Engineers use three types of power to describe energy flow in a system:

Real power (P)

Reactive power (Q)

apparent power (S sometimes |S| when regarded as the modulus of complex power)

In the diagram, P is the real power Q is the reactive power (in this case negative) the length of S is the apparent power.

The unit for all forms of power is the watt (symbol: W), in practice however this is generally reserved for the real power component. The SI unit for reactive power is the voltampere which is given the special name "var" (symbol: var) in IEC 60027-1. The combination of real and reactive power is expressed in volt-amperes (VA).

Understanding the relationship between these three quantities lies at the heart of understanding power engineering. The mathematical relationship between them is a vector and is typically expressed using complex numbers

$S = P + j Q$ (where j is the imaginary unit)

This complex value S is often referred to as the complex power.
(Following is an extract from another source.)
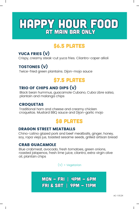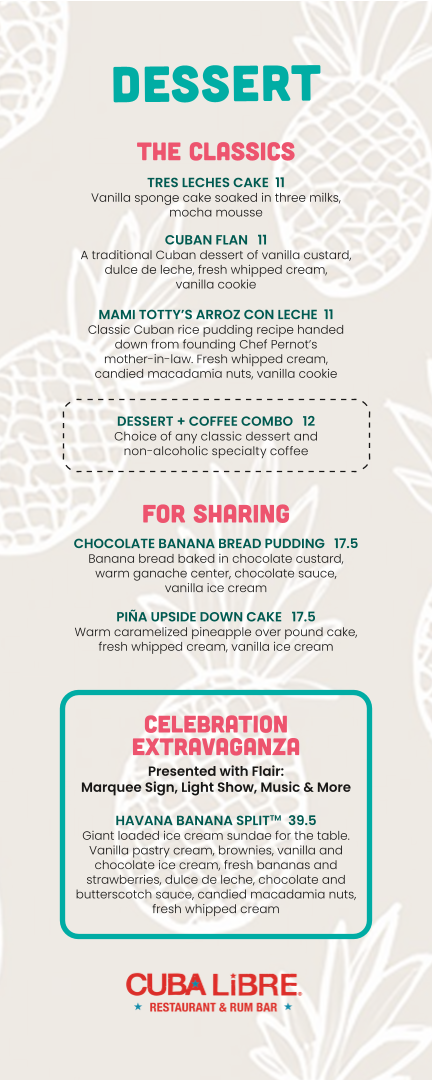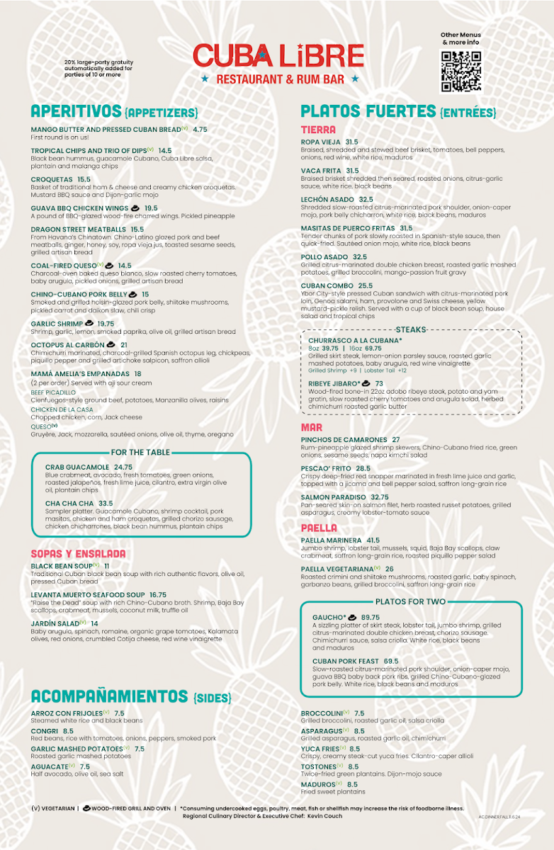 Don’t miss the Cuban classics, including tostones fried to perfection and pollo asado drizzled with a tangy mango-passion fruit gravy. End your meal on a sweet note with their legendary tres leches cake or Cuban flan, which is sure to satisfy your dessert cravings. Each dish is masterfully crafted, reflecting the passion of Chef Pernot's culinary heritage. With warm service and an inviting atmosphere, Cuba Libre is not just a meal; it’s an experience.

Consider an ideal alternating current (AC) circuit consisting of a source and a generalized load, where both the current and voltage are sinusoidal. If the load is purely resistive the two quantities reverse their polarity at the same time, the direction of energy flow does not reverse and there is only real power flowing. If the load is purely inductive or capacitive then the voltage and current are 90 degrees out of phase (for a capacitor current leads voltage for an inductor current lags voltage) and there is no net power flow. This energy flowing backwards and forwards is known as reactive power. If a capacitor and an inductor are placed in parallel then the currents caused by the inductor and the capacitor are 180 degrees out of phase with each other and therefore partially cancel out rather than adding to each other. Conventionally capacitors are considered to generate reactive power and inductors to consume it. In reality the load is likely to have resistive inductive and capactive parts and so both real and reactive power will flow to the load. The apparent power is the result of a nieve calculaution of power from the voltage and current that is simply multiplying the rms voltage and the rms current. Apparent power is handy for rough sizing of generators or wiring especially when the power factor is close to 1. However adding the apparent power for two loads will not give the total apparent power unless the two loads have the same phase difference between voltage and current.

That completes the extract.